◆ **What is required**
Return the lines of the data below starting at the one holding "Don't have time" and ending at the one holding "Full length body", word for word, leaving every picture out.

BEGIN Dataset excerpts

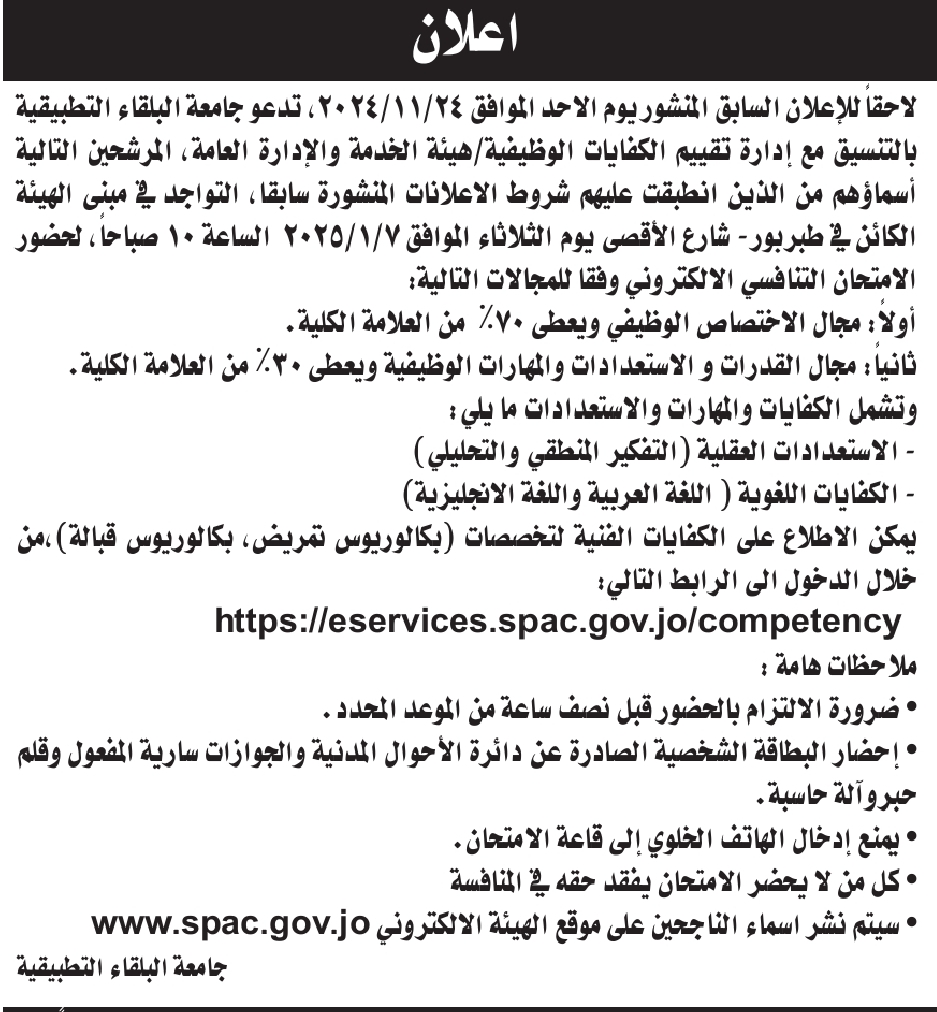 اعلان هام لاحقا للاعلان السابق المنشور يوم الاحد الموافق 24/11/2024
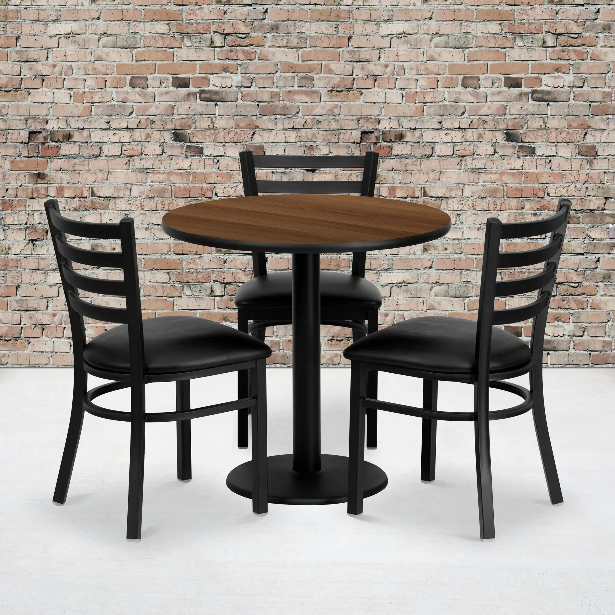 Don't have time to search through hundreds or thousands of table and seating options? This complete Banquet Table and Chair set saves you time to focus on your growing business. This set includes an elegant Walnut Laminate Table Top, Round Base and 3 Metal Ladder Back Chairs. Surface is heat, scratch and moisture resistant. Easily clean using a mild detergent and water, dry clean to keep your tables spotless. Use this setup in banquet halls, wedding ceremonies, hotel conferences, restaurants, break room/cafeteria settings or any other social gathering. The lightweight designer metal chair will enhance any environment. Whether you are just starting your business or upgrading your home or business furniture this restaurant quality table set will round out your dining space.
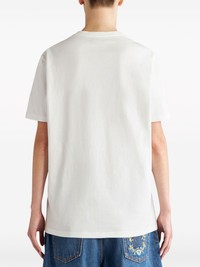 Pegaso-embroidered cotton T-shirt Highlights - Eggshell white - Cotton - Jersey texture - Signature pegaso motif - Floral embroidery - Crew neck - Short sleeves - Straight hem Made in Italy Composition Polyester 100%, Cotton 100% SIZE & FIT FittingInformation Designed to be unstructured, offering a loose fit throughout Made from a midweight non-stretch fabric, this piece offers minimal elasticity when worn This piece fits true to size – take your usual size
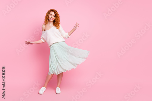 Full length body size photo of with red hair woman smiling wearing stylish spring clothes isolated on pastel pink color background
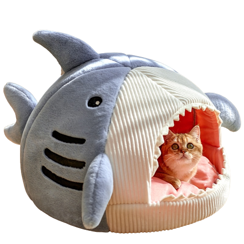 A Cama e Toquinha para gatos em formato de Tubarão é ideal para o seu gatinho se manter quentinho neste inverno. Ela é super aconchegante e confortável, seu material é 100% algodão.
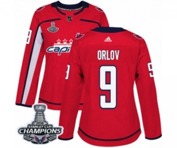 Women Adidas Washington Capitals #9 Dmitry Orlov Authentic Red Home 2018 Stanley Cup Final Champions NHL Jersey
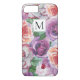 Roses d'aquarelle et monogramme Coque-Mate floral à peine Il iPhone 8/7 Coque. Il présente un motif de roses vintages en violet et corail et votre monogramme dans un cadre blanc.
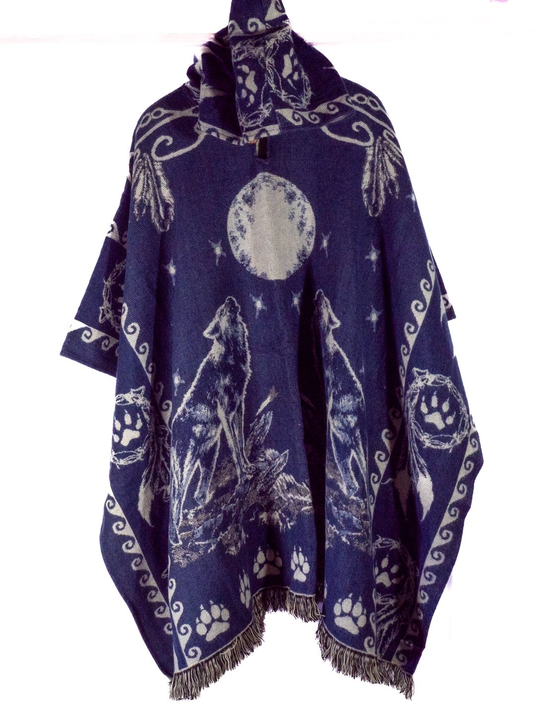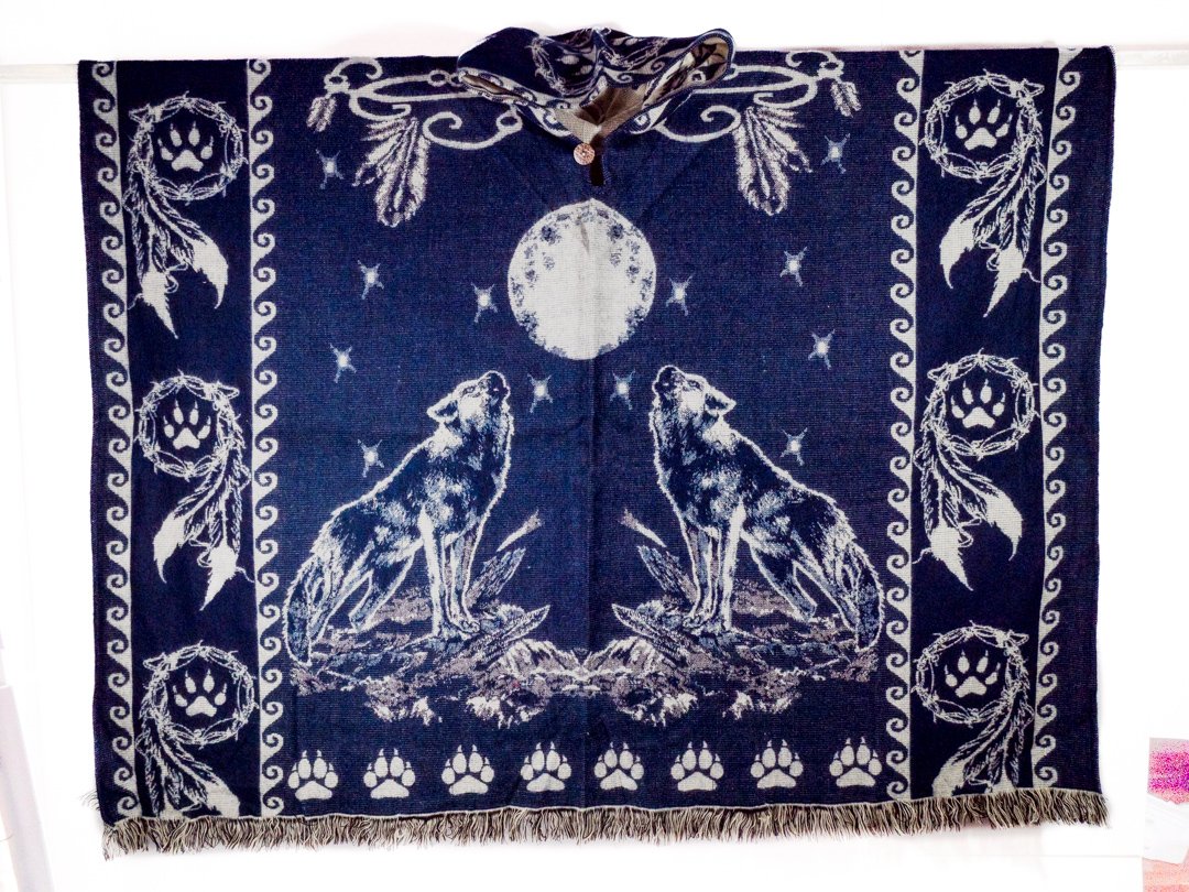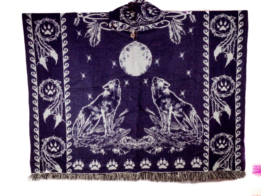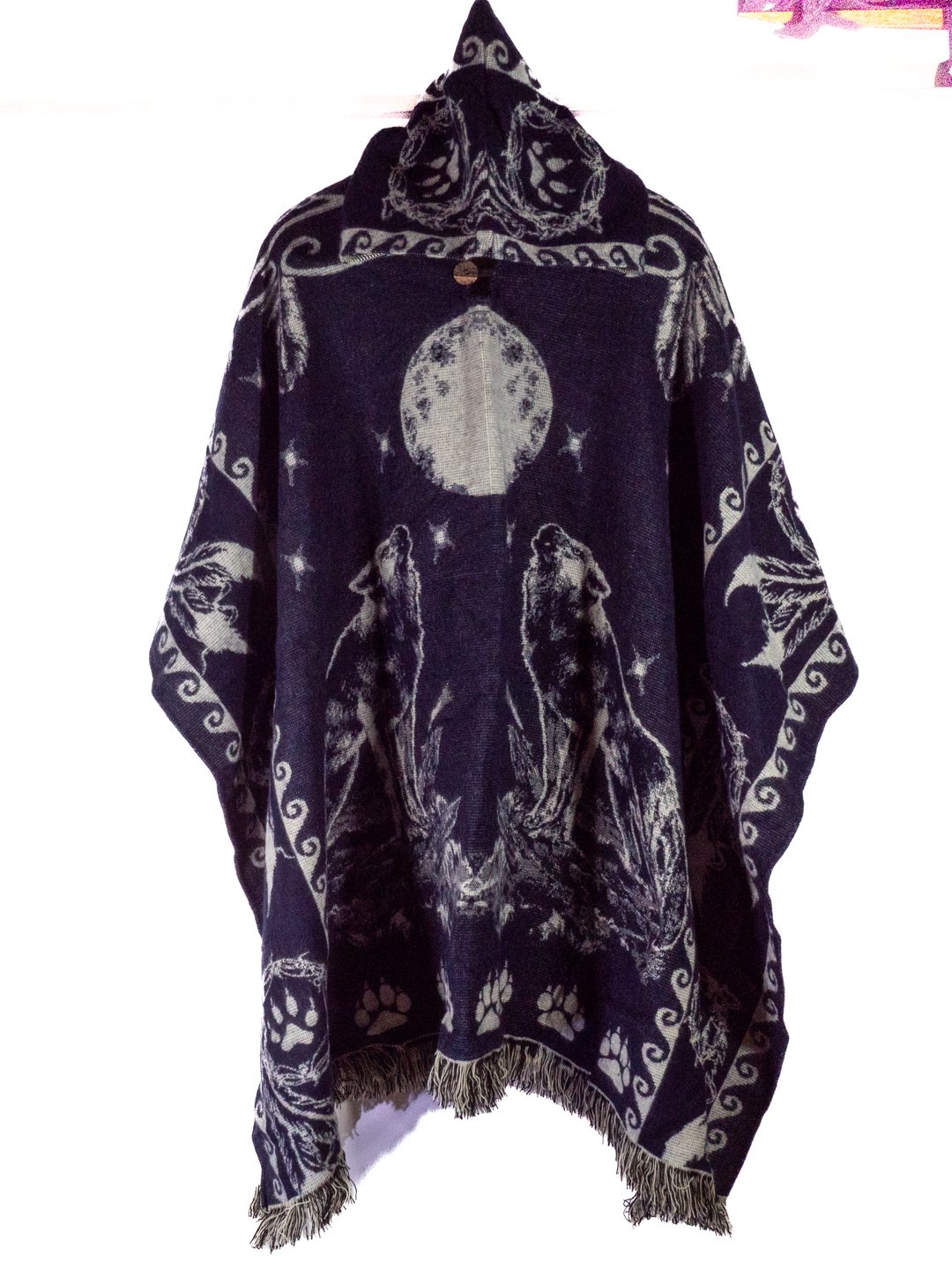 Poncho Alpaga en motif Loup Plume Lune

END Dataset excerpts

◆ **The completed task**
 Don't have time to search through hundreds or thousands of table and seating options? This complete Banquet Table and Chair set saves you time to focus on your growing business. This set includes an elegant Walnut Laminate Table Top, Round Base and 3 Metal Ladder Back Chairs. Surface is heat, scratch and moisture resistant. Easily clean using a mild detergent and water, dry clean to keep your tables spotless. Use this setup in banquet halls, wedding ceremonies, hotel conferences, restaurants, break room/cafeteria settings or any other social gathering. The lightweight designer metal chair will enhance any environment. Whether you are just starting your business or upgrading your home or business furniture this restaurant quality table set will round out your dining space.
 Pegaso-embroidered cotton T-shirt Highlights - Eggshell white - Cotton - Jersey texture - Signature pegaso motif - Floral embroidery - Crew neck - Short sleeves - Straight hem Made in Italy Composition Polyester 100%, Cotton 100% SIZE & FIT FittingInformation Designed to be unstructured, offering a loose fit throughout Made from a midweight non-stretch fabric, this piece offers minimal elasticity when worn This piece fits true to size – take your usual size
 Full length body size photo of with red hair woman smiling wearing stylish spring clothes isolated on pastel pink color background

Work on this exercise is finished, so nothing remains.